И вот Панфилыч на двух подводах привез на станцию шестнадцать ульев.

На станции он схлопотал открытую платформу. Поставил на эту платформу свои ульи и покрыл их брезентом.

И вот вскоре товарный поезд тронулся. И наша платформа покатилась.

Панфилыч торжественно стоял на платформе и беседовал с пчелами…

– Ничего, ребятки, – говорил он им, – докатимся! Маленько потерпите в темноте, а там я вас снова к цветам пущу. И вы уж там, я так думаю, свое возьмете. Главное, не тревожьтесь, что я вас в темноте везу. Это я вас нарочно брезентом закрыл, чтоб вы сдуру не вылетели на ходу поезда. В противном случае обратно на поезд уже не вскочите.

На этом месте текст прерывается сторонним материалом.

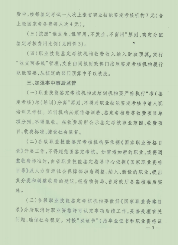 关于进一步规范全省职业技能鉴定考核收费标准的通知

И вот поезд едет день. И другой день он едет.

На третий день Панфилыч стал немного волноваться. Поезд идет медленно. На каждой станции останавливается. Подолгу стоит. И непонятно, когда он доедет к месту назначения.

На станции Поля Панфилыч сошел со своей платформы и обратился к начальнику станции. Он спросил:

– Скажите, уважаемый, долго ли будем стоять на вашей станции?

Начальник станции отвечает:

– Право, не знаю, может быть, и до вечера постоим.

Панфилыч говорит:

– Если до вечера, то я открою брезент и выпущу своих пчелок на ваши поля. А то они в пути истомились. Третий день под брезентом сидят. Проголодались. Не пьют, не кушают и личинок не кормят.

Начальник говорит:

– Поступайте как хотите! Какое мне дело до ваших крылатых пассажиров! У меня и без того дел хватает. А тут я буду о ваших личинках тревожиться. Еще что за глупости!

Панфилыч вернулся к своей платформе и снял брезент.

А погода была великолепная. Небо голубое. Июньское солнышко блестит. Кругом поля. Цветы растут. Каштановая роща зацветает.

Вот Панфилыч снял брезент с платформы. И тотчас целая армия пчел поднялась к небесам.

Пчелы покружились, осмотрелись и направились в поля и леса.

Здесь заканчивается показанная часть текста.